Per servire le divinità vi era una organizzazione sacerdotale piramidale con, al vertice, il “Principe serpente”, al disotto i veggenti, poi i “Nacom”, addetti ai sacrifici ed, infine, gli Ahmen che sono i sacerdoti-guaritori e cioè i medici che si erano formati nelle scuole sacerdotali ove avevano appreso, oltre alla teologia, la scrittura, l’astrologia, l’arte medica e la preparazione dei farmaci.  Sorprendente il fatto che anche l’Ahmen, di fronte ad una diagnosi difficile, ricorresse ad una sorta di mantica, basata sulla osservazione del comportamento dei chicchi di mais la- sciati cadere in una coppa piena di acqua, osservandone il comportamento: galleggiamento, aggregazione più o meno veloce. I rimedi erano, per lo più, di natura vegetale con ricorso al granturco, all’incenso, alla valeriana, al tabacco, alla salsapariglia, alla passiflora.

Ancora più complessa la religione atzeca. La classe medica era suddivisa nei medici puri o “tapati” e nei guaritori o “ticiti”. La visita medica iniziava con un complesso rituale magico, esaurito il quale si passava alla diretta attenta osser- vazione del naso in quanto: “… uno dei segni premonitori della morte è un che di fuliggine tra gli occhi… il naso si affina… i denti digrignano ed il malato farnetica e dice parole senza senso, come i pappagalli…”.
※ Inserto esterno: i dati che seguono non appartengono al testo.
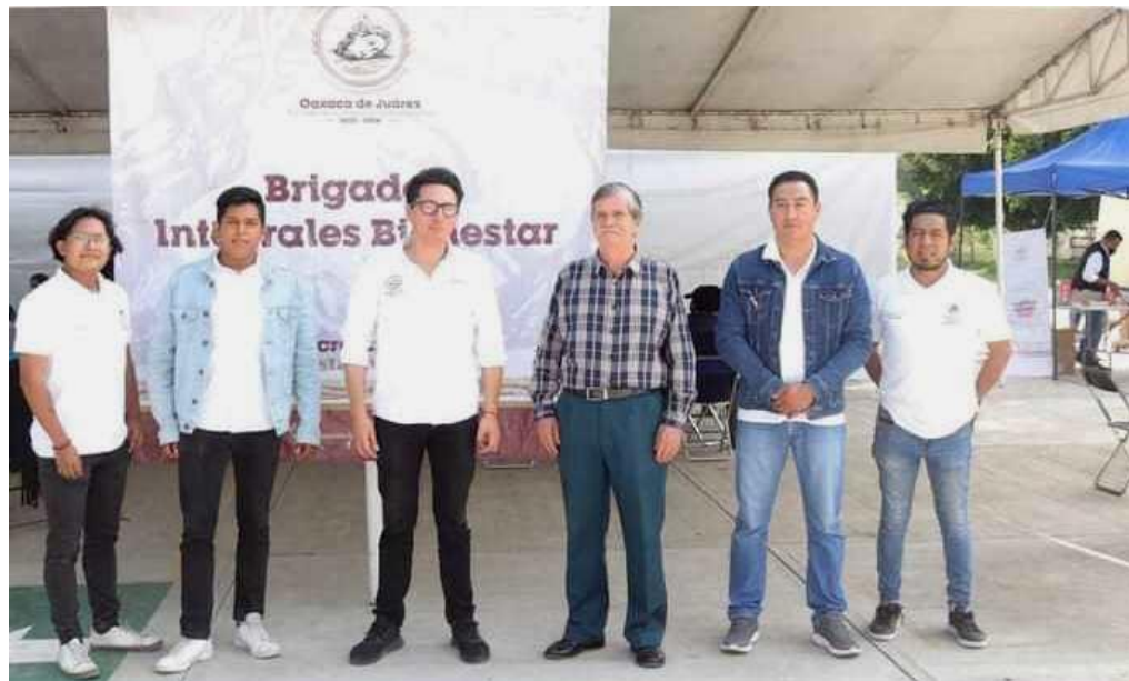
Jornada Integral Bienestar en la Agencia de Trinidad de Viguera

A fini terapeutici si dispone di ben 3000 piante medicinali, in buona parte ereditate dalle precedenti culture, fra cui ricorderemo la famosa salsapariglia, che grande fortuna avrà in Europa per l’attribuzione di proprietà, antiasmatiche ed antiluetiche, la cascara e la gialappa, per le loro virtù purgative. La fumigazione con incenso veniva praticata, sia per rianimare i colpiti dal fulmine, sia per tener lontane le malattie portate dai venti, sia per combattere l’epilessia. Usate anche sostanze di origine animale, come la cenere di ossa e di corna, del sangue e della bile, gli estratti di organo ed i bezoar, o ogni altro reperto anomalo reperito nel corpo umano. Vi erano anche rimedi per l’angina, le odontalgie ed altri dolori. Progredita l’ortopedia con immobilizzazioni con gesso e gomma e riparazioni con frammenti di ossa. Note le suture e le trapanazioni craniche, le causticazioni delle ferite e piaghe infette. I medici peruviani si formavano a Cuzco nella “Scuola dei nobili” e potevano essere sacerdoti o laici. La terapia era basata sul digiuno, sulla somministrazione di purganti e su prolungati massaggi.

 

 

Ricca la farmacopea vegetale in cui primeggiava la Coca il cui uso era, però, riservato alla casa reale ed ai sacerdoti e, in quantità limitate, ai corrieri ed agli operai acciocché non avvertissero la fatica. Ne è stato ipotizzato l’impiego, almeno indiretto, nella trapanazione cranica attraverso la continua o, quanto meno frequente, lubrificazione della punta perforante, attraverso la saliva dell’operatore masticante tali foglie. Si ha la fondata impressione che nelle culture precolombiane non venisse concesso ampio spazio al trattamento del dolore, come starebbero a dimostrare i cruenti e frequenti sacrifici umani. Siamo, tuttavia, debitori ad esse, oltre che della coca, da cui avremo gli anestetici locali, della polvere di china e del balsamo del Perù e del Tolù.